MethodAtlas
replication120 minutes

Replication Lab: The China Syndrome and Shift-Share Instruments

Replicate the shift-share instrumental variables analysis from Autor et al. (2013). Construct a Bartik-style instrument from industry shares and national import shocks, estimate the first stage and 2SLS, and conduct Rotemberg weights diagnostics.

Overview

In this replication lab, you will reproduce the key results from one of the most influential papers on trade and local labor markets:

Autor, David H., David Dorn, and Gordon H. Hanson. 2013. "The China Syndrome: Local Labor Market Effects of Import Competition in the United States." American Economic Review 103(6): 2121–2168.

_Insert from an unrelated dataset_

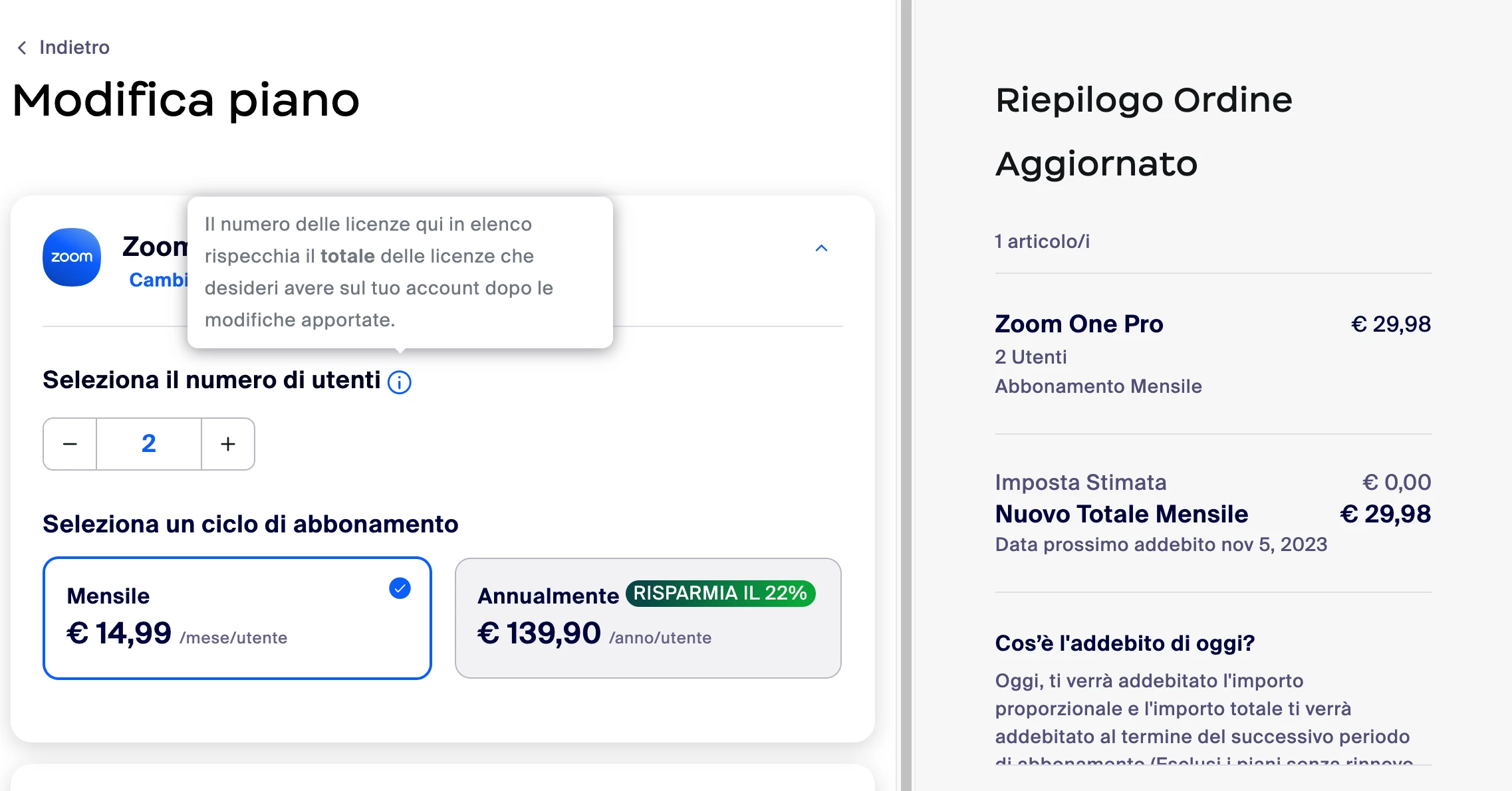 ho una licenza Zoom Pro con abbonamento annuale per un solo utente. Ho bisogno di aggiungere un secondo utente con licenza perché mi serve un organizzatore alternativo per una riunione: andando ad acquistare un'altra licenza posso selezionarne due mensili ma vorrei essere sicura che questo non cambi il mio piano di abbonamento annuale. Qualcuno può darmi conferma che è la cosa giusta da fare? Altrimenti come posso fare? Grazie

Autor et al. (ADH) study how rising Chinese imports affected U.S. commuting zones (CZs) from 1990 to 2007. The key challenge is that import growth may be endogenous (driven by U.S. demand shocks). ADH address endogeneity using a shift-share (Bartik) instrument: they interact pre-period industry employment shares at the CZ level (the "shares") with national-level growth in Chinese imports to other high-income countries (the "shifts"). The instrument isolates supply-driven Chinese import growth from U.S. demand shocks.

Why the ADH paper matters: It demonstrated that the local labor market consequences of trade shocks are large, persistent, and geographically concentrated. The paper also popularized the shift-share instrument, which is now one of the most common identification strategies in applied economics.

What you will do:

  • Simulate commuting-zone-level data with industry employment shares
  • Construct the shift-share (Bartik) instrument
  • Estimate OLS and the first stage of the IV
  • Estimate 2SLS using the shift-share instrument
  • Conduct Rotemberg weights diagnostics to assess which industries drive the results

Step 1: Simulate Commuting Zone Data with Industry Shares

Each commuting zone has an initial distribution of employment across industries. Chinese import growth varies at the industry level, and the shift-share instrument aggregates industry-level shocks using CZ-specific shares as weights.

library(fixest)
library(ivreg)

set.seed(2013)

n_cz <- 722; n_ind <- 20

# Industry shares (Dirichlet)
shares <- matrix(rgamma(n_cz * n_ind, 2, 1), n_cz, n_ind)
shares <- shares / rowSums(shares)

# Import growth (China to US and to other countries)
ig_china <- c(rexp(10, 1/5), rexp(10, 1/0.5))
ig_other <- pmax(ig_china * (0.8 + rnorm(n_ind, 0, 0.2)), 0)

# Shift-share variables
di_us <- shares %*% ig_china
di_other <- shares %*% ig_other

# Confounders and outcome
demand <- rnorm(n_cz)
di_us <- di_us + 0.5 * demand
beta_true <- -0.75
eps <- rnorm(n_cz)
delta_mfg <- beta_true * di_us + 0.3 * demand + eps

dt <- data.frame(cz = 1:n_cz, delta_mfg = as.numeric(delta_mfg),
               di_us = as.numeric(di_us), di_other = as.numeric(di_other),
               pop_log = rnorm(n_cz, 10.5, 1.2),
               pct_college = rnorm(n_cz, 0.22, 0.08),
               pct_foreign = pmin(pmax(rnorm(n_cz, 0.08, 0.06), 0), 0.5))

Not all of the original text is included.